[theora-dev] Parallel processing for Theora?

Sun Mar 21 07:04:08 PDT 2010

Id Kong wrote:
>> We've talked about it, but one of the problems is that the current API
>> is one-frame-in-one-frame-out, so it's not clear how to pass multiple

This is _a_ problem, certainly, but probably not a blocking one. I
wanted to see how well I could actually make within-frame parallelism
work with acceptable performance before deciding if it was necessary.
The real use-case for a parallel encoder is live streaming, since
otherwise you can just encode lots of different videos at once (and the
latter will always be more efficient if you actually have lots of videos
and don't care about latency).

>> There is some scope for multithreading the per-frame pipeline, but
>> that only scales to three or four threads.

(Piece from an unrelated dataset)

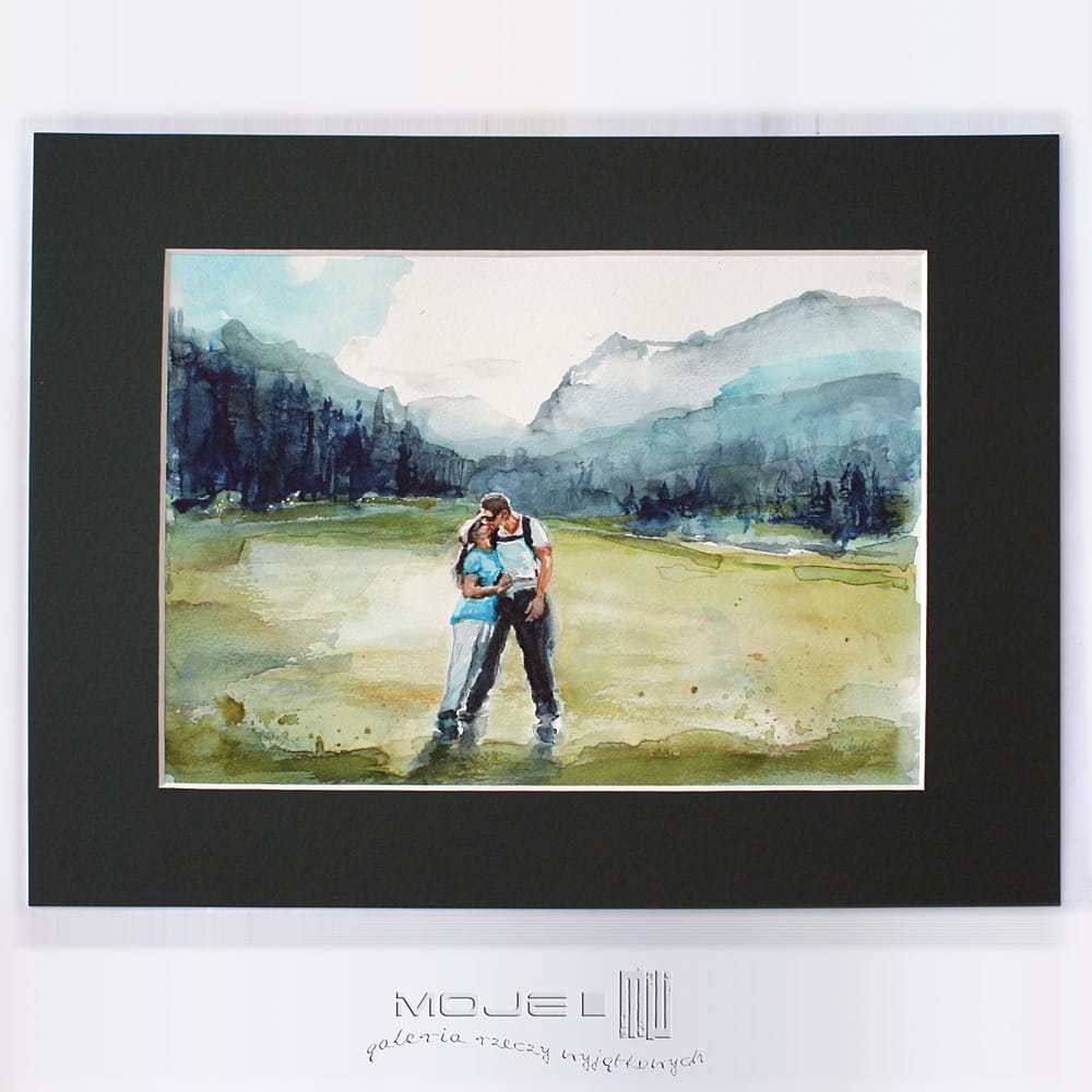 Barwna choć bardzo stonowana akwarela, namalowana na papierze akwarelowym 300 g.

The work I had in the pipeline was for parallel _decoding_ first,
because this is considerably easier. If it works out, parallel encoding
can be done within the same framework. The design work for this is
already done, and I had started on the implementation, but it got put
down as priorities changed and will probably not get picked up again
before the 1.2 release.

It's unclear how well it will scale. Years ago we did a (very simple)
parallel decoder that only partitioned things by color plane, and the
speed-up was disappointing. There was also a GSoC project that attempted
to improve on this, but it was not successfully completed. In theory you
could have a separate thread for every MCU (64 pixels of height for
4:2:0, 32 pixels for 4:2:2 and 4:4:4). However, within-frame parallelism
is fairly fine-grained, and the overhead of a standard mutex-based
library like pthreads is pretty enormous for this kind of thing. People
have reported getting speed-ups on FFT workloads as small as 10,000
cycles with lock-free algorithms (by comparison, a single pthread mutex
acquisition could take thousands of cycles by itself), but they made
very specific assumptions about architecture, cache line size, etc.

In short, this requires some non-trivial engineering to get it to work
well, and for the moment my priorities are still on improving encoder
quality before worrying about encoder speed. If there are qualified
people out there willing to work on this, I'd be happy to explain the
details of what needs to be done.